Please print the entries exactly, omitting each image.

> **DATA IN THIS EXERCISE**
-- -- --

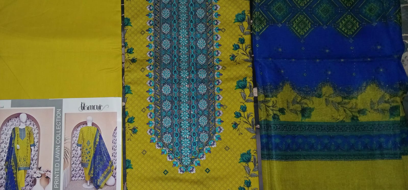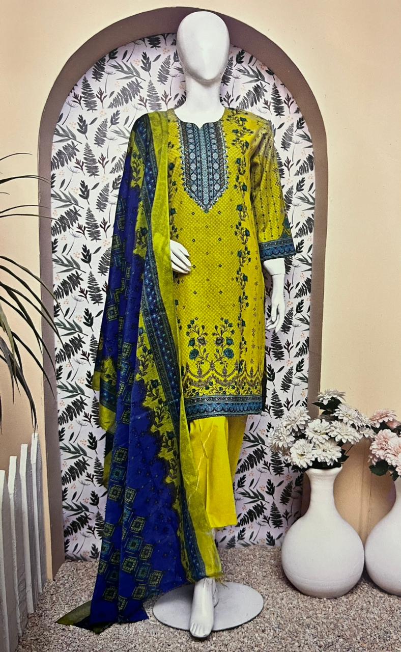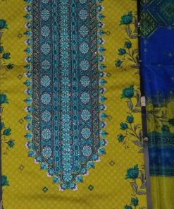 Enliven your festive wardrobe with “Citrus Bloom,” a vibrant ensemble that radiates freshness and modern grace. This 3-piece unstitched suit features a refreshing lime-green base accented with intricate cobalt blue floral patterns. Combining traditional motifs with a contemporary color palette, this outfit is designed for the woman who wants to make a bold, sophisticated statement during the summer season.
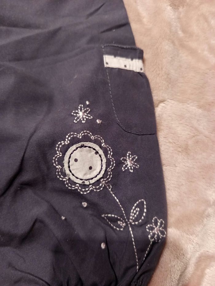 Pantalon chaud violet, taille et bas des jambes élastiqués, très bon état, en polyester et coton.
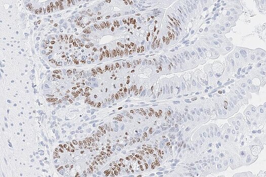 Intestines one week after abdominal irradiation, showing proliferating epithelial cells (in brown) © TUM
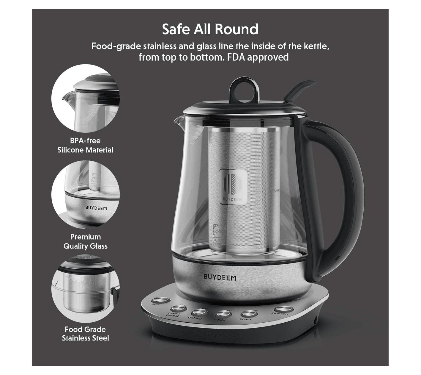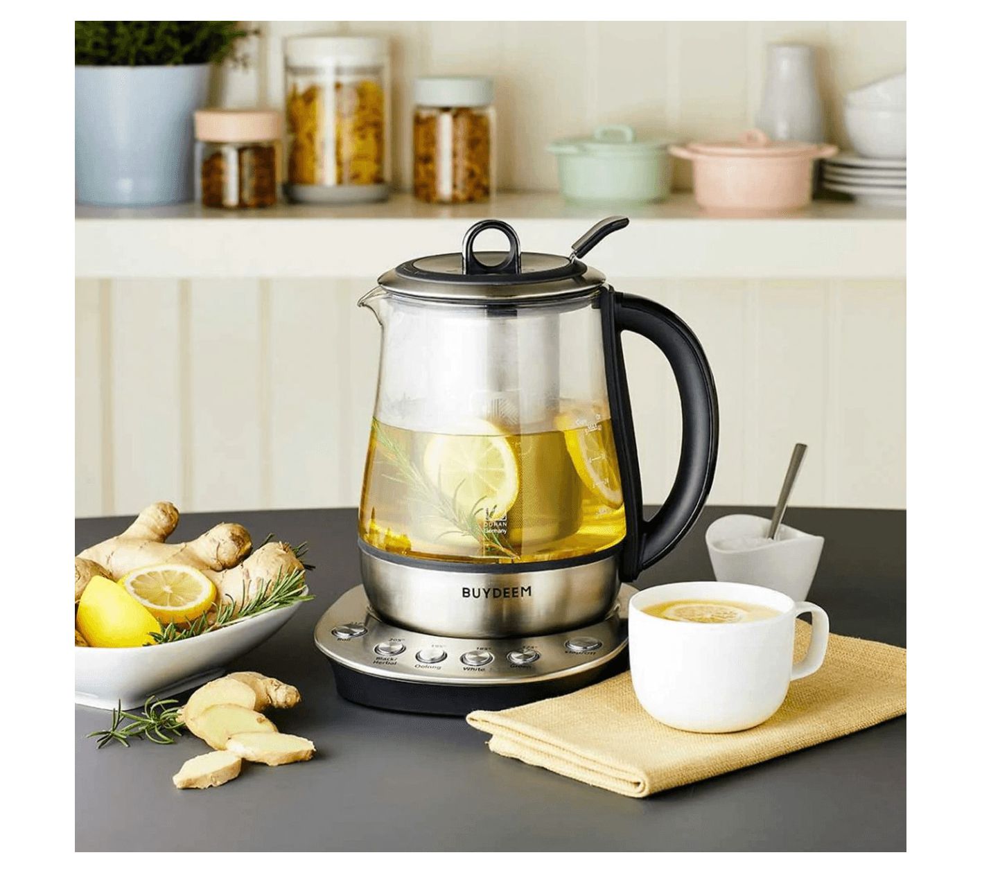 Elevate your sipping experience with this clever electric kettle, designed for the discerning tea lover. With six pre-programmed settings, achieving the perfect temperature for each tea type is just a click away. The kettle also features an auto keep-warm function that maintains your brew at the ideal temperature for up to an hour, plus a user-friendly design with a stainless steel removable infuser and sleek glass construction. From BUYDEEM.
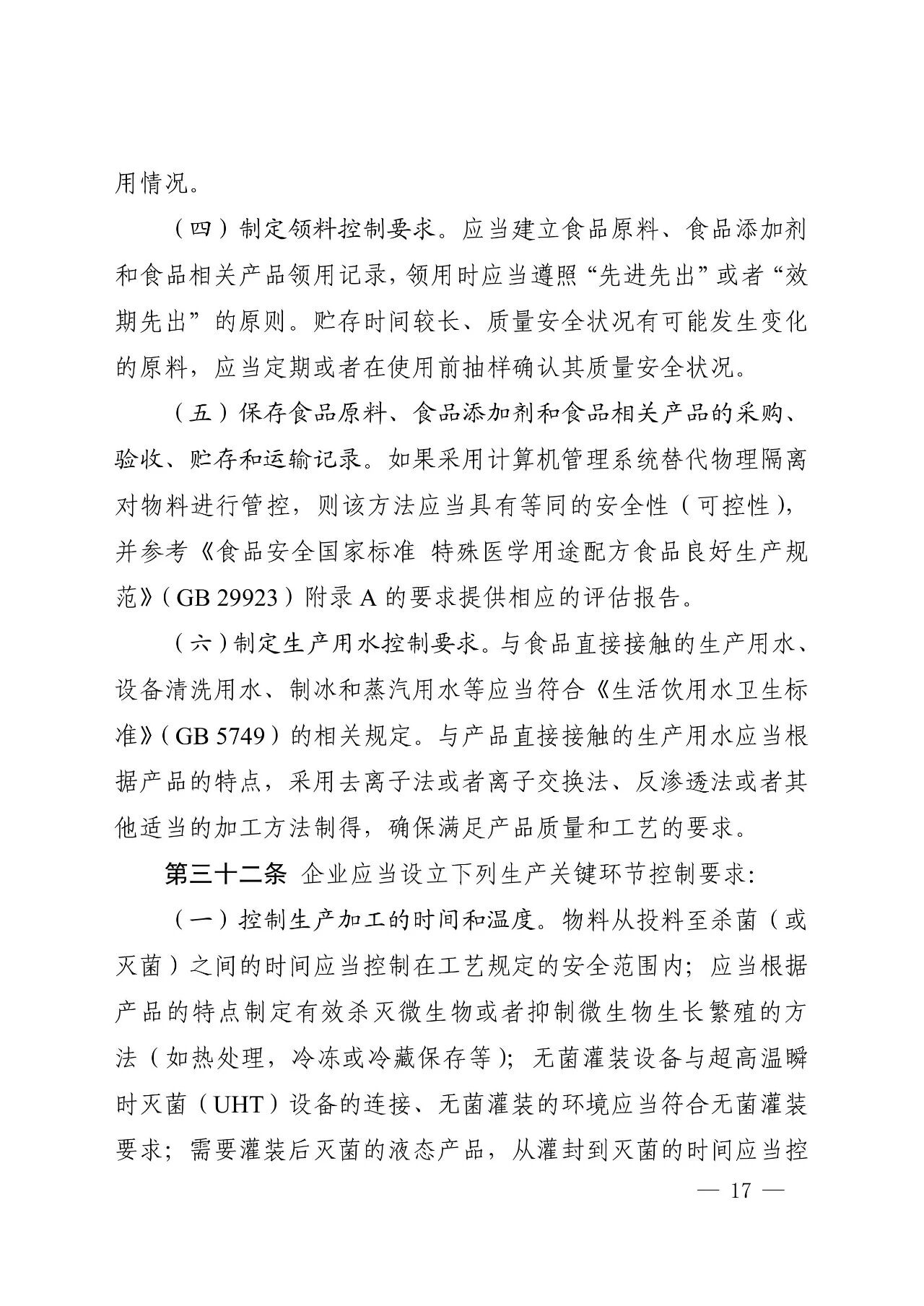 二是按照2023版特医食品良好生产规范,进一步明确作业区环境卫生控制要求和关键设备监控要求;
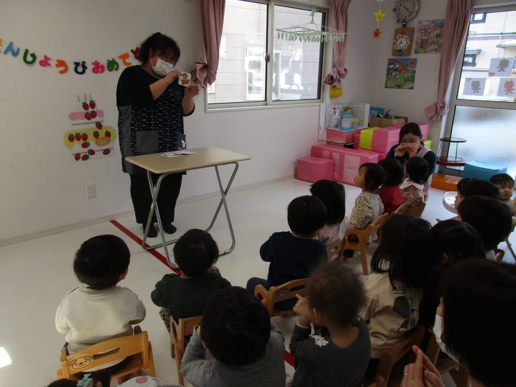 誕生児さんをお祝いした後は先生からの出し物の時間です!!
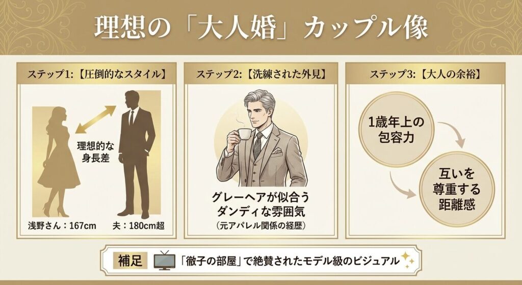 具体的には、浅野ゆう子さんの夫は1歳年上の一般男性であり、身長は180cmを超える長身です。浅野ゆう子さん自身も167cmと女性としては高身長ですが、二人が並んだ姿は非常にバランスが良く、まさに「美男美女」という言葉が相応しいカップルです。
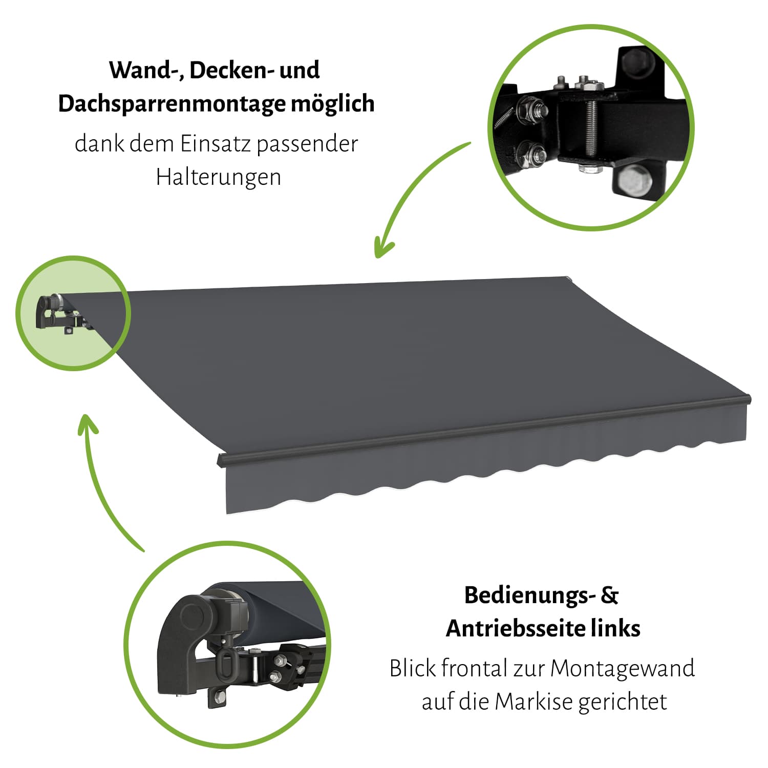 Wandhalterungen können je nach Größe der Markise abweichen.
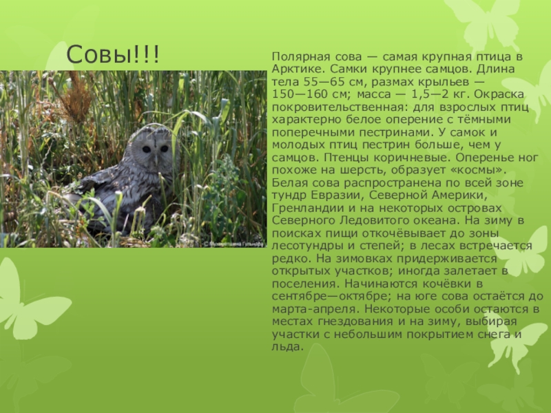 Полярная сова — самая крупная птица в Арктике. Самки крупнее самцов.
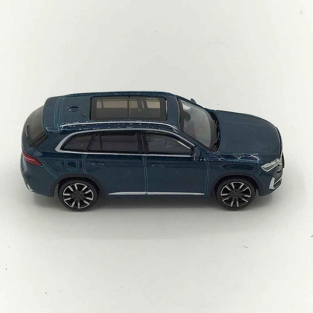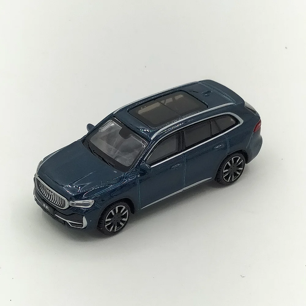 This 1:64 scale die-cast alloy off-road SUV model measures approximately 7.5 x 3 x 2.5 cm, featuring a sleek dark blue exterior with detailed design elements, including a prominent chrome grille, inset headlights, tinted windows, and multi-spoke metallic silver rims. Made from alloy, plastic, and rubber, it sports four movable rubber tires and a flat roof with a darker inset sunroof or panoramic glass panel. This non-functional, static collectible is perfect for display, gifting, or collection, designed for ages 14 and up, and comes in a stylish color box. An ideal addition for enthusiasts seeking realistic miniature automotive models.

-- -- --

> **ANSWER SPACE**
 Enliven your festive wardrobe with “Citrus Bloom,” a vibrant ensemble that radiates freshness and modern grace. This 3-piece unstitched suit features a refreshing lime-green base accented with intricate cobalt blue floral patterns. Combining traditional motifs with a contemporary color palette, this outfit is designed for the woman who wants to make a bold, sophisticated statement during the summer season.
 Pantalon chaud violet, taille et bas des jambes élastiqués, très bon état, en polyester et coton.
 Intestines one week after abdominal irradiation, showing proliferating epithelial cells (in brown) © TUM
 Elevate your sipping experience with this clever electric kettle, designed for the discerning tea lover. With six pre-programmed settings, achieving the perfect temperature for each tea type is just a click away. The kettle also features an auto keep-warm function that maintains your brew at the ideal temperature for up to an hour, plus a user-friendly design with a stainless steel removable infuser and sleek glass construction. From BUYDEEM.
 二是按照2023版特医食品良好生产规范,进一步明确作业区环境卫生控制要求和关键设备监控要求;
 誕生児さんをお祝いした後は先生からの出し物の時間です!!
 具体的には、浅野ゆう子さんの夫は1歳年上の一般男性であり、身長は180cmを超える長身です。浅野ゆう子さん自身も167cmと女性としては高身長ですが、二人が並んだ姿は非常にバランスが良く、まさに「美男美女」という言葉が相応しいカップルです。
 Wandhalterungen können je nach Größe der Markise abweichen.
 Полярная сова — самая крупная птица в Арктике. Самки крупнее самцов.
 This 1:64 scale die-cast alloy off-road SUV model measures approximately 7.5 x 3 x 2.5 cm, featuring a sleek dark blue exterior with detailed design elements, including a prominent chrome grille, inset headlights, tinted windows, and multi-spoke metallic silver rims. Made from alloy, plastic, and rubber, it sports four movable rubber tires and a flat roof with a darker inset sunroof or panoramic glass panel. This non-functional, static collectible is perfect for display, gifting, or collection, designed for ages 14 and up, and comes in a stylish color box. An ideal addition for enthusiasts seeking realistic miniature automotive models.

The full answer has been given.